How to Overcome Roadblocks and Obstacles in Commercial Property Management

Commercial property management can be quite challenging for many agents considering working in that part of the industry. That is largely because of the specific property knowledge requirement and the personal ability to do many complex things at the same time. With any commercial or retail property, there will be plenty of things to monitor across issues such as the tenancy mix, leasing activity, financial results, and landlord requirements.

 

At the top end of the commercial property energy industry, the complexity of portfolio performance is significant. When you consider the size and cash flow in any major property asset, you can soon understand how any small errors and omissions can impact the property result and the landlord’s investment returns.

 

To overcome any roadblocks and obstacles in commercial property management, it is necessary that you stay on task when it comes to property matters, and be fully aware of the requirements of the landlord given the functional factors of the asset. Every landlord will have unique investment requirements to be managed and optimised.
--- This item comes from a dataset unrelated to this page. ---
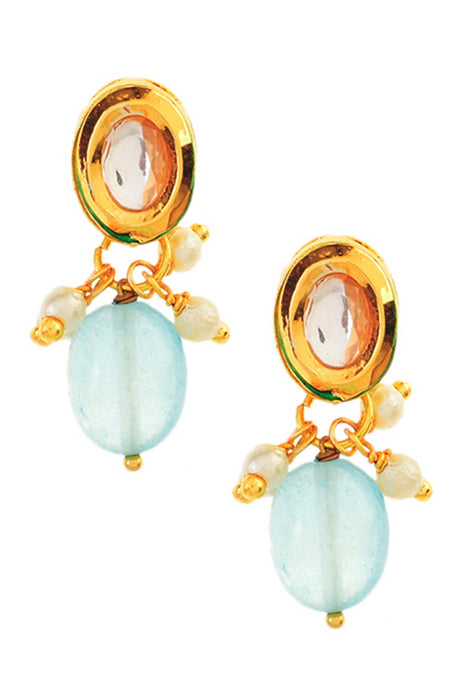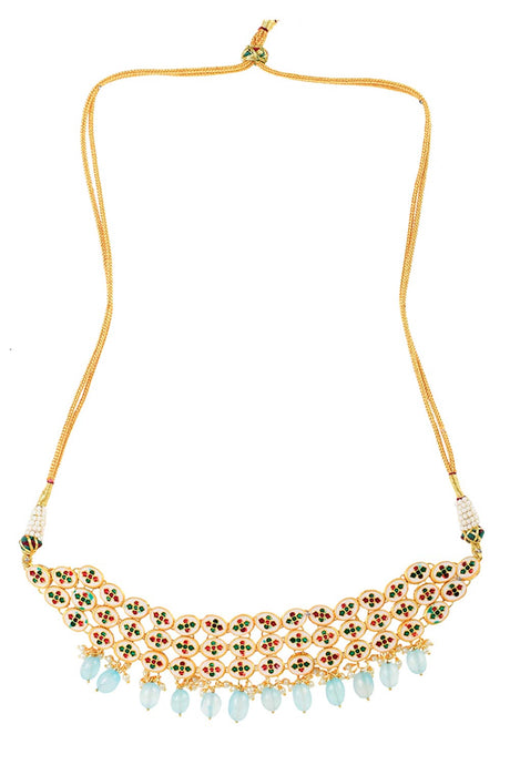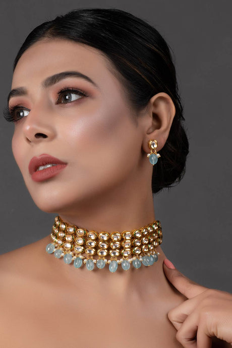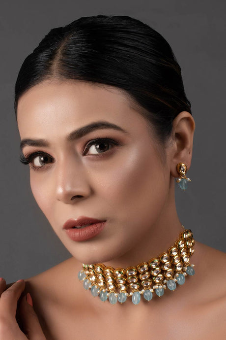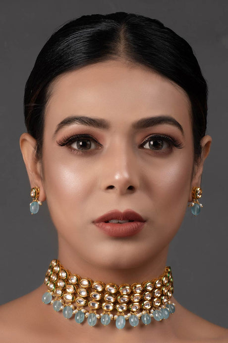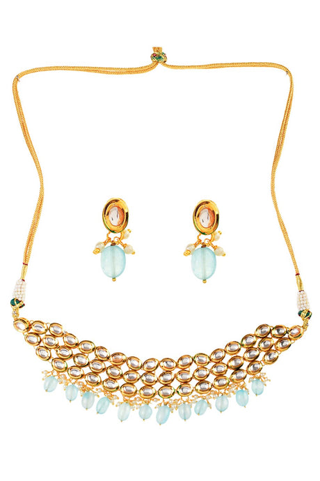 Blue Gold Tone Kundan Beaded Choker Necklace With Earrings

Every property will have specific challenges and systems to be managed in a productive way.

 

In the management of any major investment property, there will be critical dates to administer and look for. Those dates will be driven by lease documentation and tenant activity. There will also be other issues relating to property reporting, cash flow, and plant and equipment.

 

Organisation and time management will help you stay on task in managing a commercial or retail asset. That being said, it is personal process and does require specific effort. The following is a check-list that will help you move through critical property issues and challenges with reasonable focus.

 

Checklist for Commercial Property Managers Today

 

The list below can be changed and modified based on your location, the property type, and the activities of the landlord.

 

  • Landlord focus – the property owner will have specific requirements when it comes to cash flow, tenancy mix, and leasing strategy. All three factors should be fully understood and controlled through a property business plan. That business plan can be upgraded every 12 months taking into account the shifts in the property market, and the changes in the tenant mix or building. The business plan should also be forward-looking to take into account the investment directions of the landlord.
  • Reporting and control – in any major asset under management, there will be specific reports to work through and prepare. Those reports become valuable control tools when it comes to tracking lease activity, tenancy changes, cash flow, and property changes. Typically the types of reports that you would prepare for a major asset would be prepared at the end of each month based on actual property activity; there may also be some interim reports prepared on a weekly basis to update the landlord and other interested parties.
  • Get to know your tenants – the tenants in the tenancy mix form the basis of the cash flow for the property. It is essential that the tenants be controlled and also communicated with regularly so that any weaknesses in the tenancy mix can be identified. In any large property the tenancy management process can be quite significant. In larger properties, it is normal to have a tenant liaison officer maintaining regular ongoing contact with all tenants. As part of that process they can and should be preparing a monthly report summarising tenant contact and current activities, to then be merged into the property report.
  • Do an income audit – when you review the financial aspects of a major property, the income results and income structure will be driven by both lease activity and property expenditure. As a basic principle of property performance, the rental income should be optimised for the landlord and the expenditure should be correctly managed. The net income will generally be the main focus for the landlord, and that net income will have an impact on property values taking into account current yields and capitalisation rates. Understand where the rental and other factors of income are generated within the property. Consider special aspects of change such as upcoming rent reviews, licensed areas, and rentals from leases, gross rentals, net rentals, and incentives.
  • Do a lease audit – every lease will be unique and different. Review every lease document so that you understand the requirements imposed on the tenant and the landlord. Critical dates will emerge from that lease audit. Those dates should be tracked and actioned through a computer based diary process. Always work well in advance when it comes to actioning lease critical dates.
  • Get expenditure under control – there are many different types of expenditure evolving from a managed building. Rates and taxes together with operational costs will impact the total expenditure for the month and hence the net income. The only effective way to control your expenditure is through a direct and accurate expenses budget. Look at the outgoings averages that apply to other properties locally when it comes to expenditure. Compare your managed property to the industry averages.
  • Know your maintenance contractors – the plant and the equipment in your building will require maintenance. That plant and equipment will also need to comply with operational safety, and building codes. Safety and efficiency are the main priorities when it comes to the performance of property plant and equipment. Consult with your contractors to understand how efficiencies can be created given the complexity and the age of operational plant.
  • Do a risk assessment – the function of a commercial or retail building will involve tenants and customers. They, together with the landlord are the major stakeholders when it comes to property performance and risk. On that basis every commercial or retail property asset should regularly undergo a risk assessment; in that way you can identify the threats to the property physically and financially. Adjustments can then be made to allow the asset to consolidate and grow to a plan and a strategy. A risk assessment can be merged into the property business plan on an annual basis.

 

Taking all of these things into account, you can see how you will be able to manage a commercial or retail property effectively and efficiently. That will then help you overcome any roadblocks or obstacles in property performance.